**What to work on**
Your copy should repeat the data that follows exactly and contain no image.

Records from a collection:
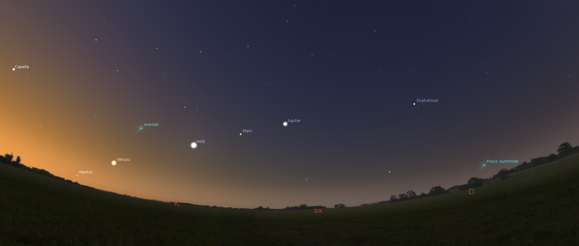 A kép a Stellarium programmal készült és a 24-i állapotot mutatja hajnali 4 előtt 10 perccel. Amikor feljebb azt írtuk, hogy az összes bolygó egyszerre fog látszani, nem túloztunk: a képen nem látszik, de az Uránusz bizony ott lapul majd a Vénusz és a Mars között (24-én ráadásul a Vénusz és a Hold között, de ne feledjük, a Hold folyamatosan vándorolni fog szépen sorban a Szaturnusztól a Merkúrig), a Neptunusz pedig bizony ott lesz a Jupiter és a Szaturnusz között.
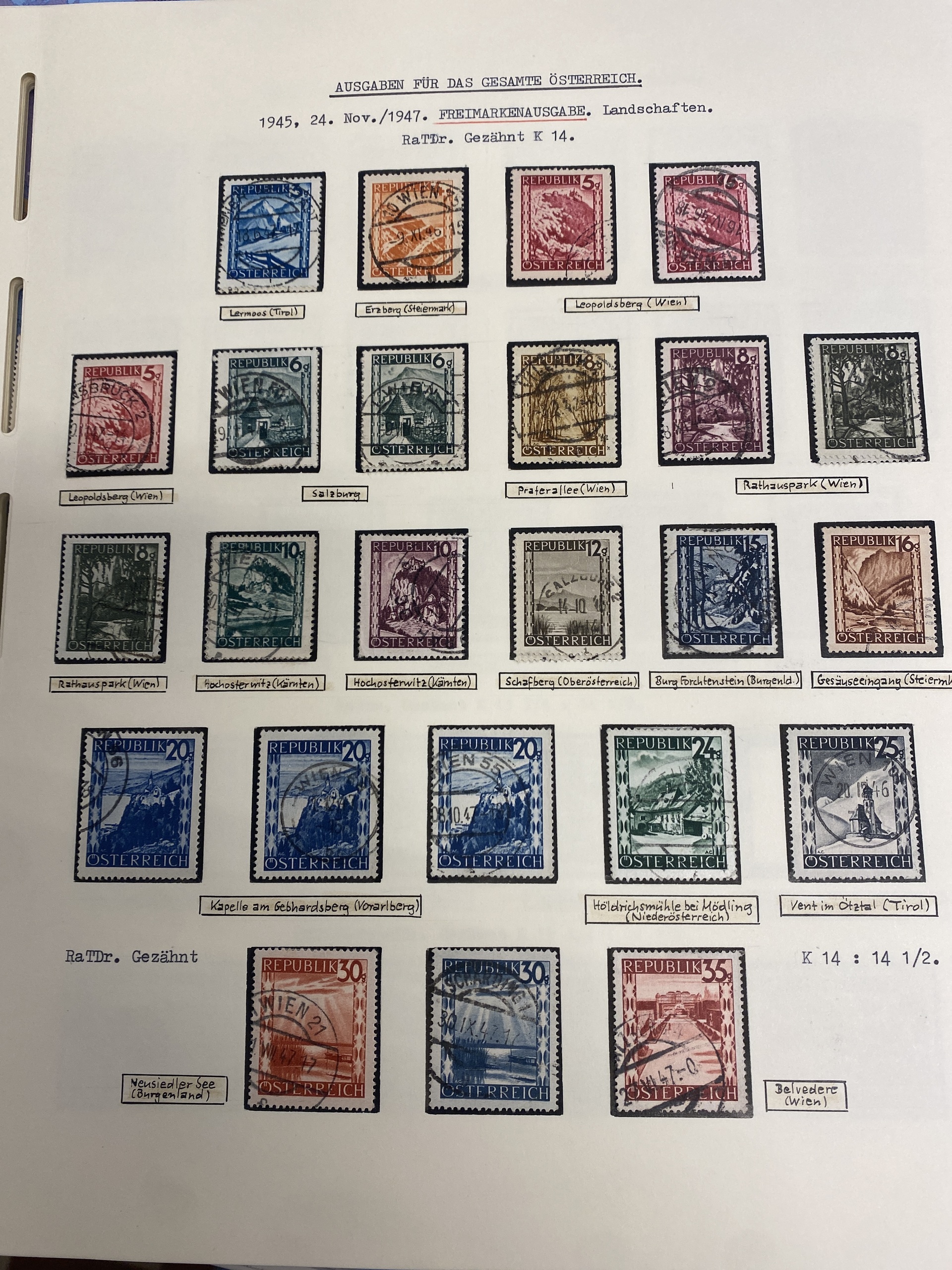 Austria. Collection used 1945–1955 on leaves with stamp mounts Excellent quality. (700)
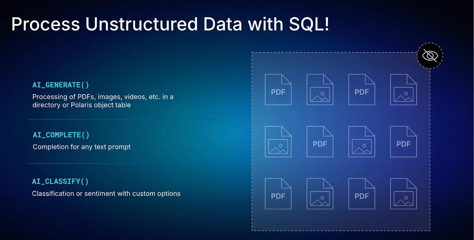 Query PDFs, images, videos, and documents directly alongside structured data—no preprocessing required. Dremio's AI Functions enable you to process unstructured data using standard SQL. Extract insights from PDFs, classify images, analyze documents, and generate summaries—all within your queries alongside structured data for comprehensive analytics.
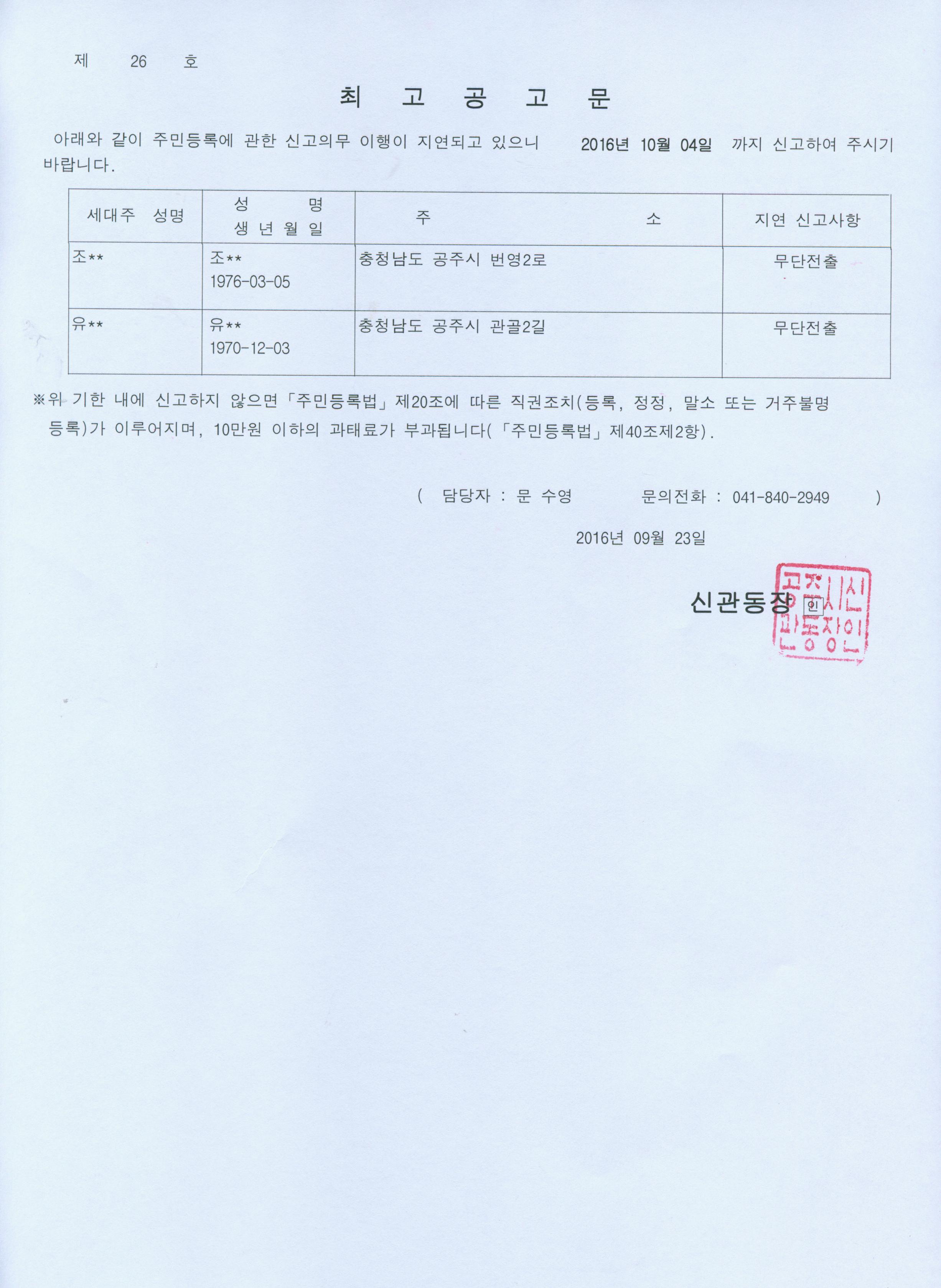 | 281 | 주민등록 거주불명등록 최고공고(조*수, 유*호) | 신관동 | 510 | 2016-09-23 | 공고문(제26호).jpg |
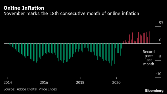 美国网上零售价格11月份同比上涨3.5%,创下了软件公司Adobe Inc.自2014年开始跟踪数字经济以来的最大涨幅。这一变动为连续第18个月上涨,是美国整体通胀水平的又一个缩影。电商曾经是折扣平台,在假日季尤为如此,但在经济从疫情之中复苏的当下已成了通胀稳定的来源。
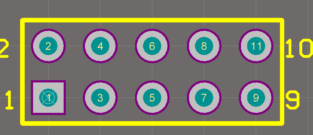 我给一个5*2的插座,标号为1-10,而PCB里面对应的它也为1-10,如果我改10为11,导入到PCB的时候就会出错。
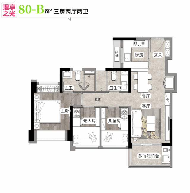 建面约80㎡户型图
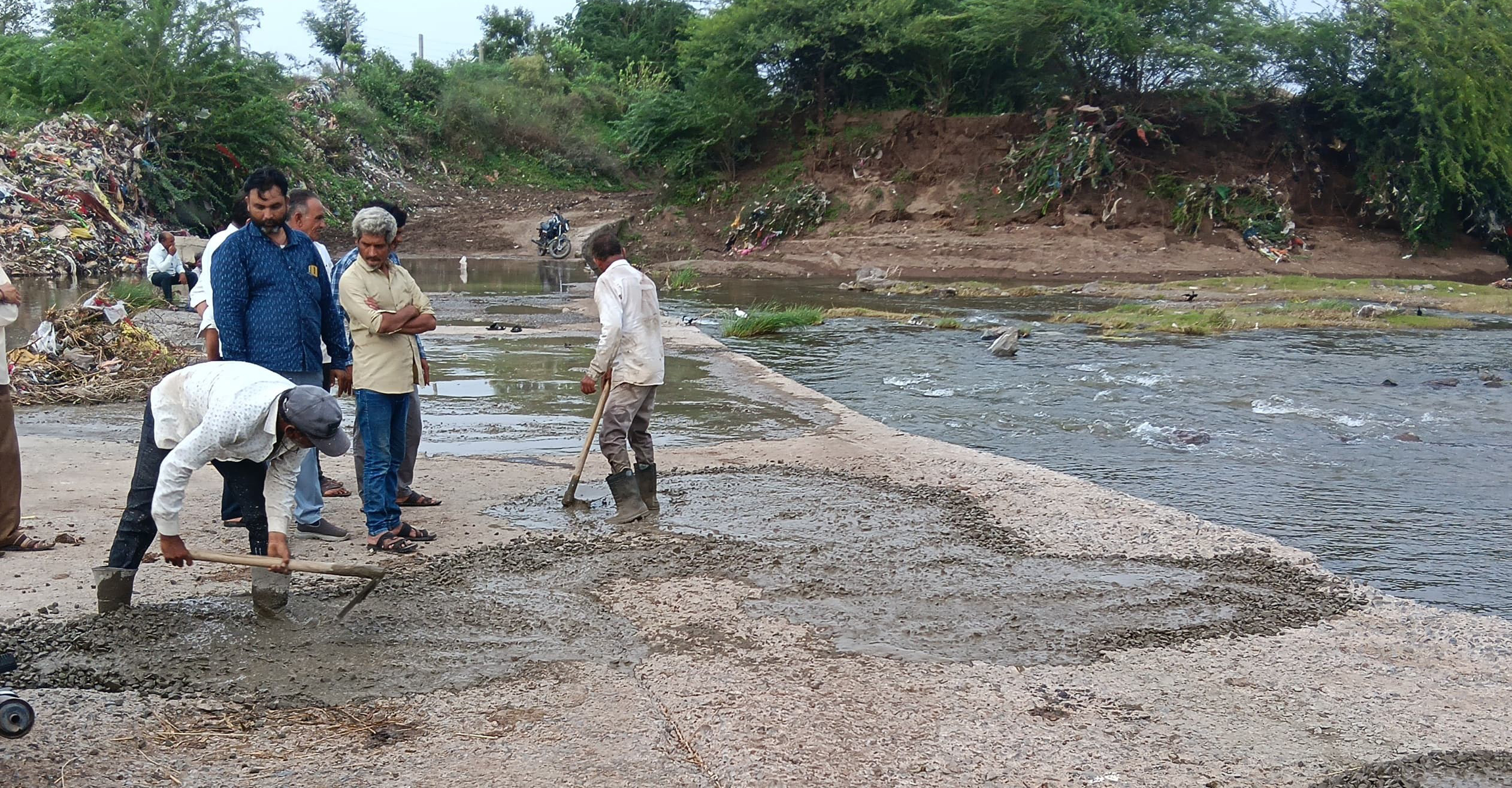 અમરેલી તાલુકાના ચાંપાથળ ગામે શેત્રુંજી નદી પરનો કોઝ-વે અસરગ્રસ્ત થયો હતો. આ કોઝ-વેનું જરુરી મરામત કાર્ય થઇ શકે તે માટે તંત્ર દ્વારા જહેમત ઉઠાવવામાં આવી હતી. વાહનચાલકોને સુગમતા રહે તે માટે આ કોઝ-વેનું કામચલાઉ ધોરણે મરામત કાર્ય આરસીસી મટિરીયલ્સથી કરવામાં આવ્યું હતું. અમરેલી જિલ્લાના માર્ગ અને મકાન પંચાયત હેઠળના ચાંપાથળ સાવરકુંડલા રોડ પરના આ કોઝ-વેની જગ્યાએ મેજર બ્રિજ બનાવવાનું પણ આયોજન માર્ગ અને મકાન પંચાયત તંત્ર દ્વારા હાથ ધરવામાં આવશે. જેથી ચાંપાથળ સહિતના વટેમાર્ગુઓને અવરજવર માટે સુવિધામાં વધારો થશે.

**Written solution**
 A kép a Stellarium programmal készült és a 24-i állapotot mutatja hajnali 4 előtt 10 perccel. Amikor feljebb azt írtuk, hogy az összes bolygó egyszerre fog látszani, nem túloztunk: a képen nem látszik, de az Uránusz bizony ott lapul majd a Vénusz és a Mars között (24-én ráadásul a Vénusz és a Hold között, de ne feledjük, a Hold folyamatosan vándorolni fog szépen sorban a Szaturnusztól a Merkúrig), a Neptunusz pedig bizony ott lesz a Jupiter és a Szaturnusz között.
 Austria. Collection used 1945–1955 on leaves with stamp mounts Excellent quality. (700)
 Query PDFs, images, videos, and documents directly alongside structured data—no preprocessing required. Dremio's AI Functions enable you to process unstructured data using standard SQL. Extract insights from PDFs, classify images, analyze documents, and generate summaries—all within your queries alongside structured data for comprehensive analytics.
 | 281 | 주민등록 거주불명등록 최고공고(조*수, 유*호) | 신관동 | 510 | 2016-09-23 | 공고문(제26호).jpg |
 美国网上零售价格11月份同比上涨3.5%,创下了软件公司Adobe Inc.自2014年开始跟踪数字经济以来的最大涨幅。这一变动为连续第18个月上涨,是美国整体通胀水平的又一个缩影。电商曾经是折扣平台,在假日季尤为如此,但在经济从疫情之中复苏的当下已成了通胀稳定的来源。
 我给一个5*2的插座,标号为1-10,而PCB里面对应的它也为1-10,如果我改10为11,导入到PCB的时候就会出错。
 建面约80㎡户型图
 અમરેલી તાલુકાના ચાંપાથળ ગામે શેત્રુંજી નદી પરનો કોઝ-વે અસરગ્રસ્ત થયો હતો. આ કોઝ-વેનું જરુરી મરામત કાર્ય થઇ શકે તે માટે તંત્ર દ્વારા જહેમત ઉઠાવવામાં આવી હતી. વાહનચાલકોને સુગમતા રહે તે માટે આ કોઝ-વેનું કામચલાઉ ધોરણે મરામત કાર્ય આરસીસી મટિરીયલ્સથી કરવામાં આવ્યું હતું. અમરેલી જિલ્લાના માર્ગ અને મકાન પંચાયત હેઠળના ચાંપાથળ સાવરકુંડલા રોડ પરના આ કોઝ-વેની જગ્યાએ મેજર બ્રિજ બનાવવાનું પણ આયોજન માર્ગ અને મકાન પંચાયત તંત્ર દ્વારા હાથ ધરવામાં આવશે. જેથી ચાંપાથળ સહિતના વટેમાર્ગુઓને અવરજવર માટે સુવિધામાં વધારો થશે.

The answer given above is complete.